The validity is independent of the population size!
Let's see what kind of difference we can detect, actually.
Let's say we make a 9-point scale from -4 to +4:
-4 is kind, 0 is neutral, +4 is brutal. (So it rhymes. Sue me.) The standard error will be equal to
s / sqrt(n) =~= s / 7
Now, we want to see what magnitude of difference we can detect. We're only concerned with detecting brutality, so we'll do a one-sided test: at 49 df, that's
1.7 * s / 7 ,
but we have to guess s. (If we had the data, we'd estimate it from there, natch.)
Let's guesstimate the standard deviation s to be 1.5, so that about 95 % will fall between -3 and +3. Sounds reasonable, no?

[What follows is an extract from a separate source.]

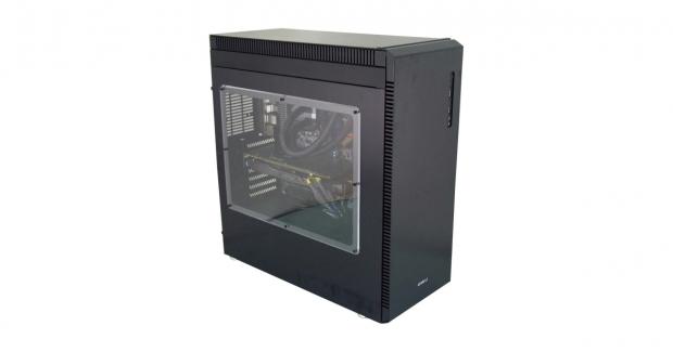 Powering our system inside of the PC-J60 B, we heard very little from the 120mm and 140mm fans, only 32 dB if we were within a foot of the side or back. The fact that the side panel window is clear and not tinted also means you do not need to spend extra money on case lighting, as we can see everything in plain sight, even the LEDs on the card, AIO, and the motherboard.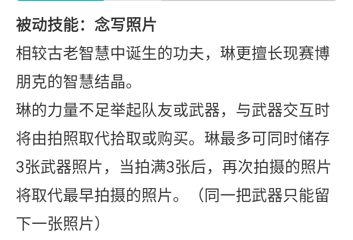 看见没,拍照代替拾取或购买,就是没钱也能嫖商店,什么强大武器我买不起,但我拍个照留念可以吧。但是也有劣势之处,拿了琳你就无法通过商店套口红检索特定武器了,因为你买不了。

Then the minimal difference that we can detect, the null hypothesis being mean <= 0:
1.7 * 1.5 / 7 = 0.4
That's not such bad power, is it now? It'd be quite good at detecting any tendencies towards the brutal. And before you start thinking that it's too sensitive, remember that there's a lot of kind soldiers out there, too.
* * *
I just realised that that test is not quite appropriate. Better, perhaps, to treat kind/brutal as dichotomous, and determine whether the number of brutal ones is 'acceptably small' . . . perhaps counting the number of incidences of evil, and a Poisson distribution. Or perhaps use an F-test on the ratio good/evil. Hmm. Anyway, you get my point --- 50 is not bad at all, though 100 would be better. |